Years ago, when old Pa Pitt was taking pictures mostly on film, he used to develop black-and-white film on the kitchen counter. It was not difficult. Instead of a darkroom, he had a changing bag, which is a portable darkness with holes for one’s wrists, and a daylight tank. Once the film is loaded into the tank inside the changing bag, everything else can be done in broad daylight.
There are several steps to traditional film developing. First pour in the developer and slosh it around in the prescribed way: this sloshing is called agitation, and there are important chemical reasons for it that would be boring to go into. Then pour out the developer and pour in a stop bath, which stops the development. Then comes the fixer, which makes the film lightproof, so that you can actually see the negatives without turning them all black. Then you rinse the film, and if everything went right you have pictures—negatives, that is, which can be scanned or printed to make pictures you can look at.
A monobath promises to simplify that process by bundling the developer and fixer into one solution. The idea is that the developer works fast enough to outrun the fixer; once the development is done, the fixer does its work, and once you’ve rinsed off the chemicals, you have developed and fixed negatives in one step.
Now that Father Pitt is picking up film cameras again, the economy and speed of developing the film himself are once again appealing to him. When he heard about the idea of a monobath, he decided to try it. It worked the first time, so here is a description of the experience for anyone who might be considering doing the same.
For his test roll, Father Pitt took an Argus A, a cheap and not very capable camera from the 1930s, to Clinton Cemetery. He was also taking digital pictures, so if the whole roll was wasted, the only loss would be the price of the film. It was Kentmere Pan 100, which is some of the cheapest black-and-white film you can get, and in spite of its cheapness Father Pitt has almost no complaints about its quality. The one small complaint is that this particular roll seems not to have been attached to the spindle in the cartridge. You should know that the film is at the end when you can’t turn the winding knob (or push the advance lever for you fancy types whose cameras are newer than ninety years old). This roll just wound all the way out; we knew it was done because the rewind knob stopped turning. Fortunately the roll was destined for the changing bag anyway, but it would have been very inconvenient if Father Pitt had been planning to take it to the lab.
For processing, Cinestill offers a “Df96 Mono Film Processing Kit” that includes much of what you need to get started: the chemical solution, a small daylight tank for one roll of 35mm film, and a funnel with mesh filter (that’s important, because you’ll reuse the chemistry multiple times). If you don’t have a darkroom, you’ll also need a changing bag, and you’ll definitely need an accurate thermometer. It also helps to have a small tub that you can fill with water to maintain the right temperature in the chemistry.
Temperature and agitation are everything in this process. It is more or less self-timing: at a certain temperature, with a certain amount of agitation, the developer will do its job in time before the fixer is finished. A shorter time would not produce the result you want, but a longer time doesn’t seem to make much difference.

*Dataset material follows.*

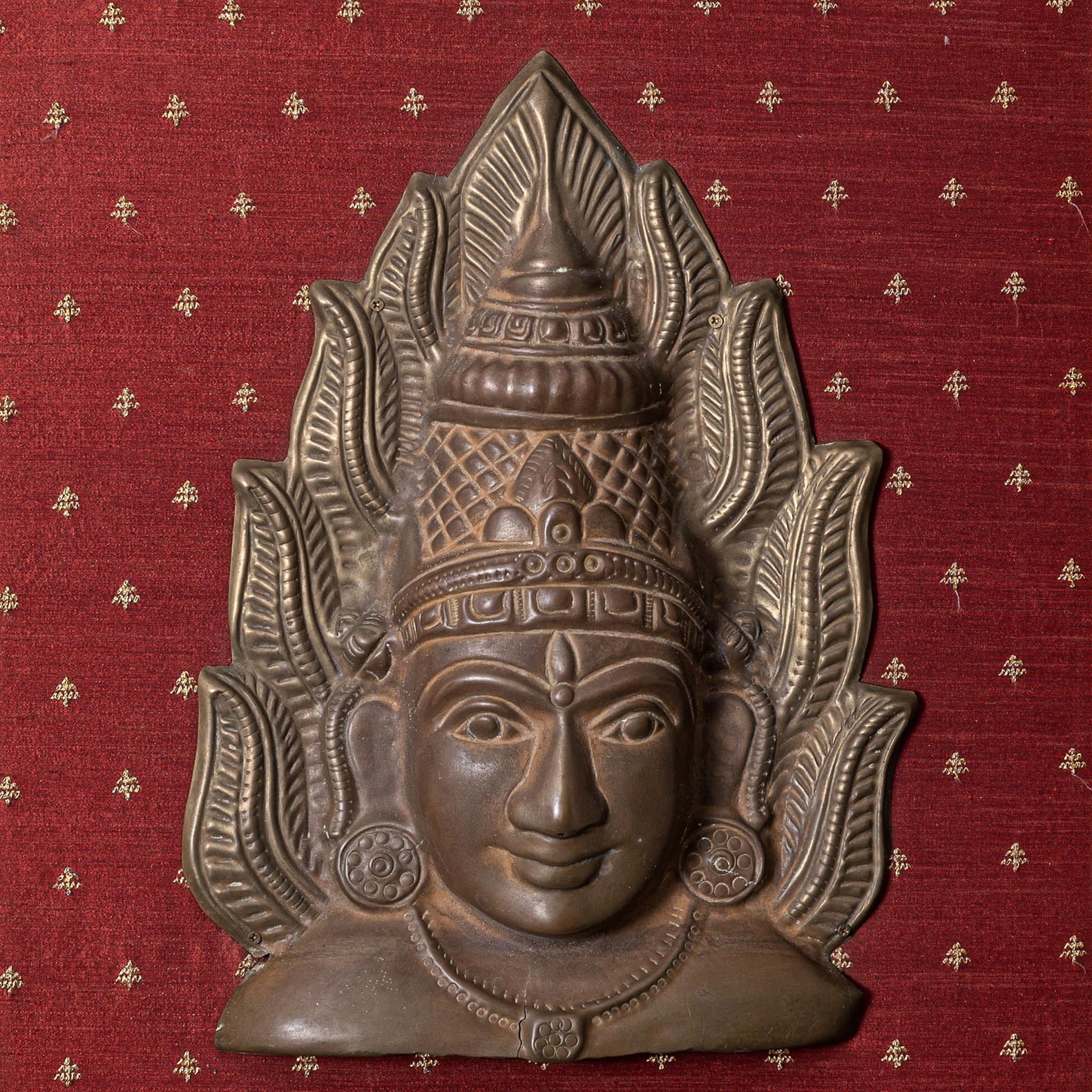This stunning work from the framed masterpiece collection is an exquisite vintage mask of Goddess Amman framed on embroidered maroon silk. The copper mask is a finely executed piece made by repoussing technique. The details of the piece are brought out very succinctly by the artist, a great example of the intricate Indian craftsmanship of the past. The mask is over 60 years old and set contrastingly against a beautiful maroon silk cloth. An ideal piece for collectors.
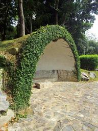 Keywords: green plant rainbow bow rest lake side pavement arch foliage tunnel overgrown landscape vegetation

Since the temperature is so important, Father Pitt filled a tub with water at just a degree above the proper temperature and set the bottle of solution in it for a while. When the thermometer showed that the solution was at the right temperature, he poured some of the bath water into the tank with the film and left it in there for a minute. Then he poured the solution into the tank, followed the agitation instructions, and waited till the time was up. After that, he poured the solution back into the bottle and rinsed the film according to the instructions. Then he took it out and hung it up to dry.
It was obvious from a glance that the film had developed, and when the film was thoroughly dry scanning the negatives showed that nothing had gone wrong with the development process. Some online sources say that monobath developing increases the grain, and that may be true; we can only say that the grain seemed to compare favorably with the grain in the same brand of film processed by a local lab.
Well, this seems like a good way to get film developed with minimal effort. In the whole process, the hardest part was getting the film on the plastic spiral reel in the changing bag, and Father Pitt will share one hint that seems to have made that part much easier. Cut off the corners of the end of the film that goes into the reel: those sharp corners want to catch on everything, and smoothing them out seemed to make the film slip into the reel much more easily.
For his next roll, Father Pitt will try the same process, but with a better camera.